Act II: Immunochemistry and Clinical Immunology, subsection Hypersensitivity Reactions, paragraph one:

“Landsteiner is probably best known for the discovery of the ABO major blood group system (39). Working at the time in Vienna, he found that mixing blood of two different individuals resulted in clumping of red blood cells. Based on this finding, he developed a technique for the serologic differentiation of erythrocytes, which allowed him to identify the different blood groups of the ABO system. This discovery was honored by the Nobel Prize in 1930 (40). Ten years later, and together with Alexander Wiener (1907–1976), Landsteiner discovered a second important blood group, called Rhesus (Rh), named after their original discovery with erythrocytes in Rhesus monkeys (41, 42).”

Act III: The rise of immunobiology, subsection Transplantation Biology:

“The 1950s to 1960s witnessed a marked shift in priorities from immunochemistry to immunobiology (Figure 5). In fact, studies on transplant rejection preceded and prepared the ground for immunobiology. The US geneticist George Snell (1903–1996), based on his studies with inbred mouse strains, elegantly demonstrated that distinct genes within the major histocompatibility complex (MHC) were responsible for transplant rejection (51). The French clinician, Jean Dausset (1916–2009), discovered the human MHC, also named human leukocyte antigen (HLA), on the basis of family studies (51). A somewhat more direct link to immunobiology was provided by the Venezuelan-born US scientist, Baruj Benacerraf (1920–2011), who identified the immune response genes within the MHC locus (51). In 1980, Snell, Dausset and Benacerraf were honored by the Nobel Prize “for their discoveries concerning genetically determined structures on the cell surface that regulate immunological reactions” (52). Later the Australian researcher, Peter Doherty (1940–), and the Swiss researcher, Rolf Zinkernagel (1944–), would broaden this perspective by showing that the MHC is crucial for antigen recognition by T lymphocytes, the cells that would become the dominant research target in the second half of the twentieth century.”

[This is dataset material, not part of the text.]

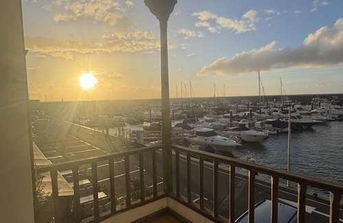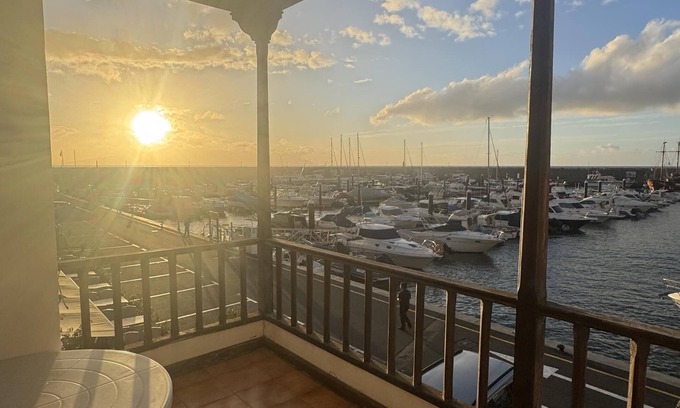 Los Gigantes Port. Apartment with beautiful views on the front line of the marina, has a balcony, two two bedrooms with double beds and two single beds, two bathrooms, kitchen and large living-dining room. Cozy and quiet atmosphere. Temporary rental for a minimum period of 3 days, excellent location, with a beach about 50 meters, supermarkets, restaurants and shops. More information contact without obligation. Beach about 50 meters and private pool 100m.
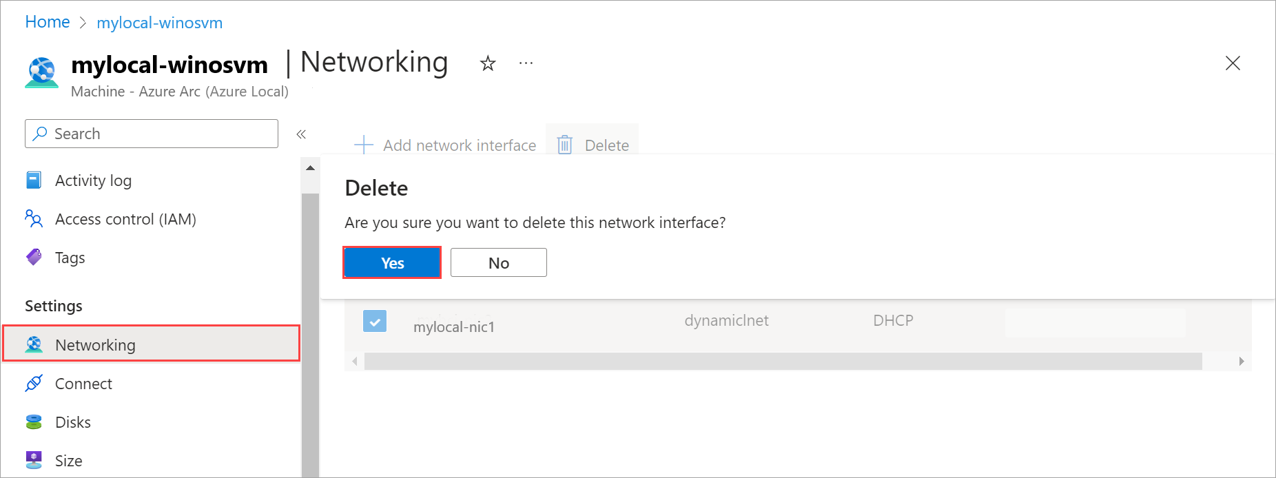 3. Go to Networking and select the network interface that you want to delete. On the command bar, select Delete.

Additionally, the birth date provided for George D. Snell in Figure 7C, should be corrected from “1903–1966” to “1903–1996”. The corrected Figure 7C appears below.

FIGURE 7

Figure 7. Recap of immunology: from serum therapy to checkpoint control. (A) Foundation of immunology. (B) From antibodies to B lymphocytes. (C) T lymphocytes: from function to instruction.

The authors apologize for this error and state that this does not change the scientific conclusions of the article in any way. The original article has been updated.